Alien3

Alien3

A lot of people hate this movie as a sequel and it definitely marks a shift away from the first two movies in the series, but that doesn’t necessarily make it a bad movie in itself. I’d like to imagine a world where the last we saw of Ripley was at the end of Aliens, dreaming her way to an unknown destination with her new “daughter” by her side – but this isn’t that world.

It’s understandable why David Fincher distances himself from Alien3. While there are some great moments, there’s nothing of the quality that marks his subsequent movies as definitely Fincher-esque.

The biggest problem with Alien3 lies in the effects. The stop-motion Aliens (well, I can’t be sure of this but they certainly look stop-motion and that’s the problem) stand out like a Ray Harryhausen movie, and while this is fine in a Ray Harryhausen movie, it’s not okay in a 1992 Alien sequel. It’s a real shame they felt the need to show the Aliens so much. They obviously thought it looked fine at the time.
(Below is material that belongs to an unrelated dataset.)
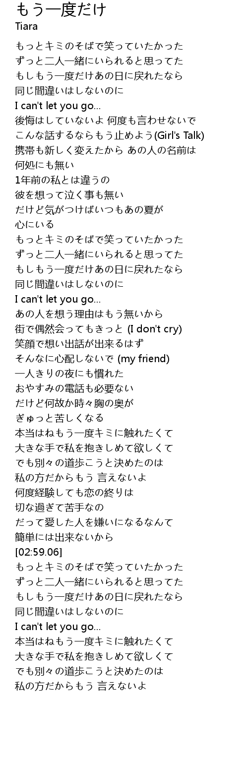 | [01:47.29] | そんなに心配しないで (my friend) |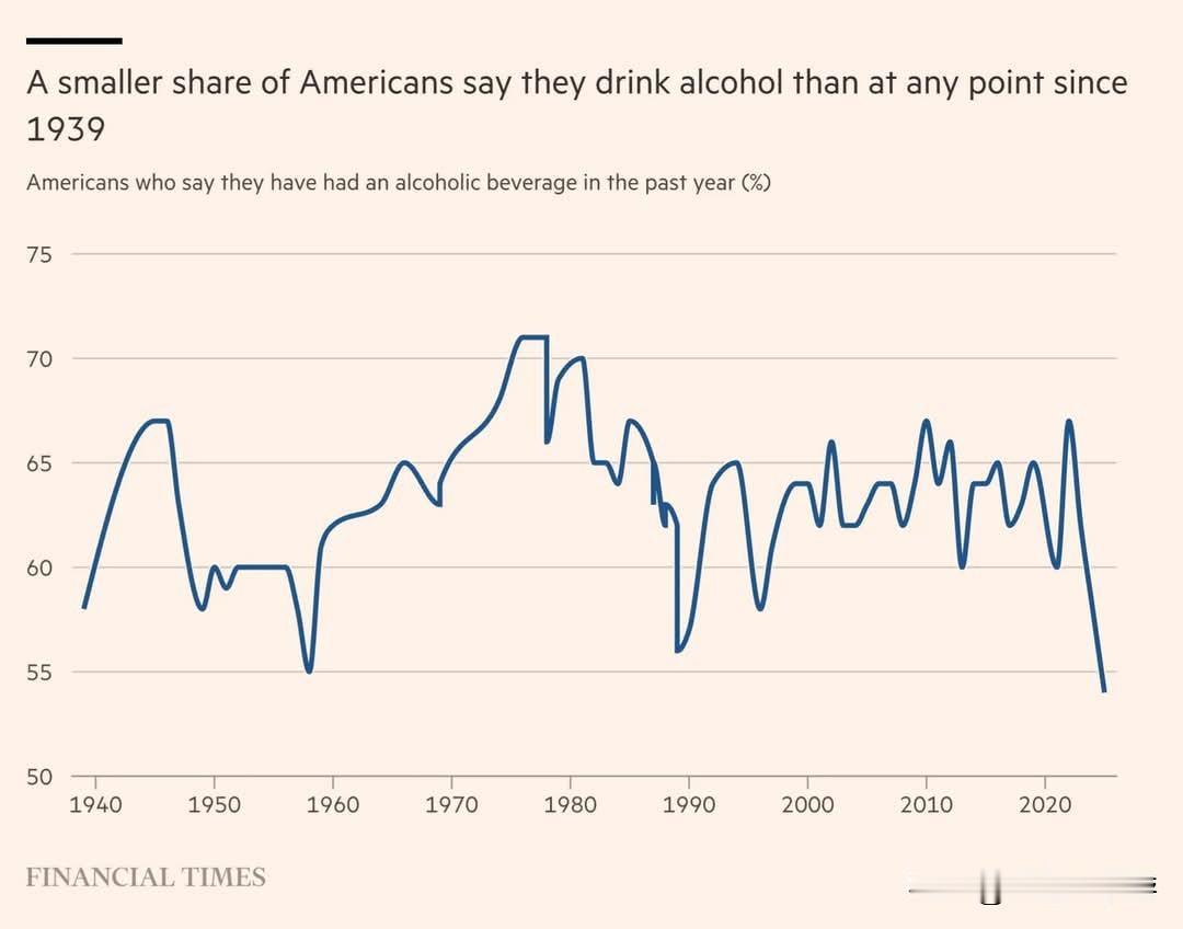 过去一年,美国仅有一半人口饮用过酒类饮品,这一比例已跌至1939年以来的最低水平

In the Special Edition of the movie, you don’t see the Alien bursting out of Ripley’s chest as she falls to her death. I don’t know how to feel about this. I loved the image of her kind of hugging it as they both fell to their doom. But without it, of course, it indicates that perhaps there was time for ‘the company’ to perform the operation to extract it and save her; and who knows, maybe they were telling the truth? It adds a touch of ambiguity I guess. But the image of the thing bursting out of her chest adds a better sense of finality to what, at the time, was The Trilogy. I don’t know.

Though by no means a total failure of a sequel, it nevertheless cries out for more, and it’s no wonder they went on to make another.